En Algérie le rai domine. Malgré la dégradation de ce genre de musique, il reste dominant. Seuls les musiciens de rai peuvent vivre de leurs musiques… et ils vivent très bien, souvent dans l’excès. Très souvent cette musique se pratique dans des boites de nuits, généralement dans des endroits peu fréquentables, loin des projecteurs... Les musiciens sont généralement perçus comme des saltimbanques incultes et vulgaires. Il y a aussi un genre plus mainstream de rai, et il a beaucoup de fans, les musiciens qui pratiquent ce genre ont une meilleur image. Le rai reste la musique la plus populaire. Il y’a aussi les genres plus traditionnels, comme le Cha’abi de Oran à Alger ou l’Andalou / Malouf à Constantine.

Dans ma ville, Constantine, le Malouf (une forme de musique qui s’est développée en Andalousie lors de la présence Mauresque pour ensuite être enrichie par les sonorités du Maghreb) a un statut très important.

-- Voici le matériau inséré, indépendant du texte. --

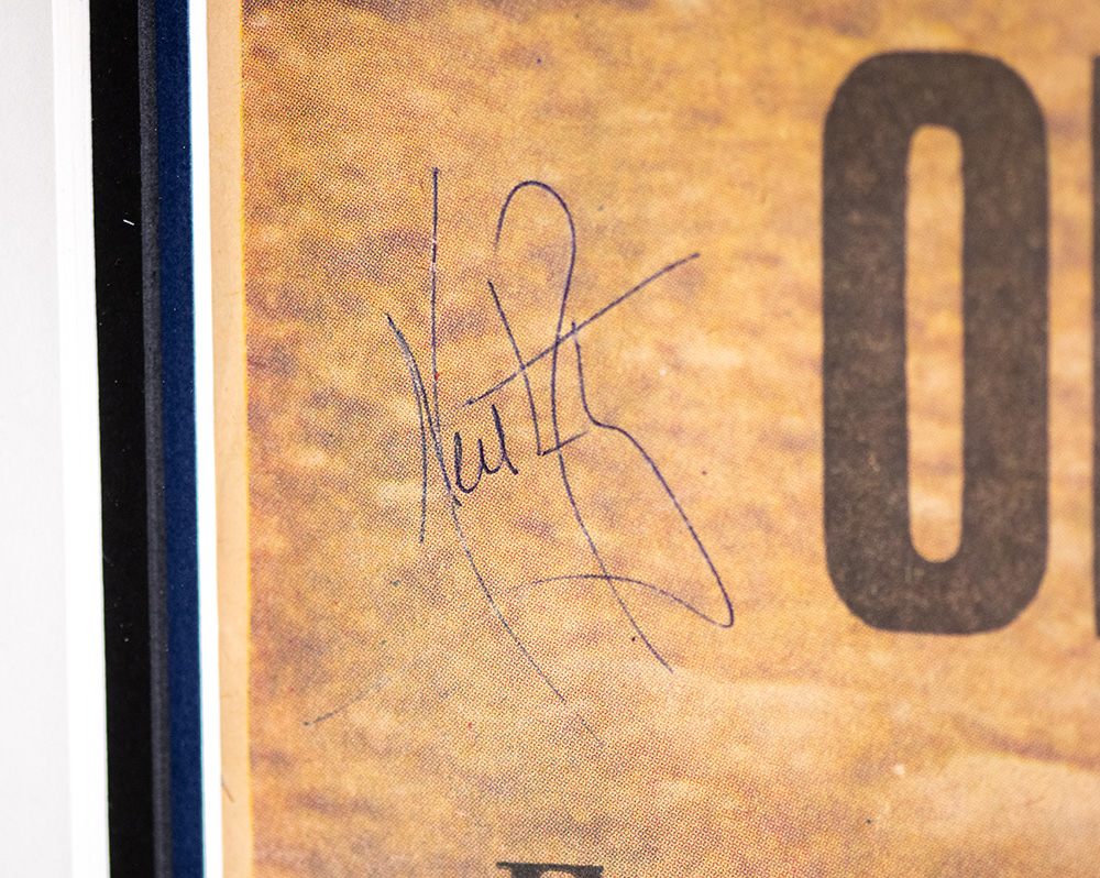 1969 Chicago Tribune with the headline “Americans on Moon! Eagle Has Landed - Armstrong." The article was commemorating the moon landing from the day before and is dated Monday, July 21, 1969. Boldly signed by Neil Armstrong in blue ink to the left of the headline. Triple matted and framed. In very good condition with wear at folds. The remainder of the newspaper and continuation of the article is housed in a pocket on the back of the frame. The entire piece measures 21.75 inches by 30.75 inches.

Il jouit de la protection des institutions. L’un des maitres de ce genre le Cheikh Fergani est considéré comme un dignitaire, on l’aime beaucoup et dire du mal de lui est inacceptable.

Il y a aussi une nouvelle scène musicale qui se créé lentement. Des groupe de soft rock, de jazz de blues et de fusion émergent de partout et, grâce au chaines de télévision et de radio privées, atteignent une certaine notoriété. Je ne pense pas qu’ils peuvent vivent de leur musique, du moins pas encore.

Pour ce qui est du metal, on est encore loin. Personne ne vit de sa musique. Les musiciens de metal sont perçus comme des outsiders, et je pense que beaucoup n’y trouvenr pas d’inconvénient. Le metal se pratique dans l’underground et ça offre une certaine liberté. Le fait que les gens ne comprennent pas est peut être un avantage.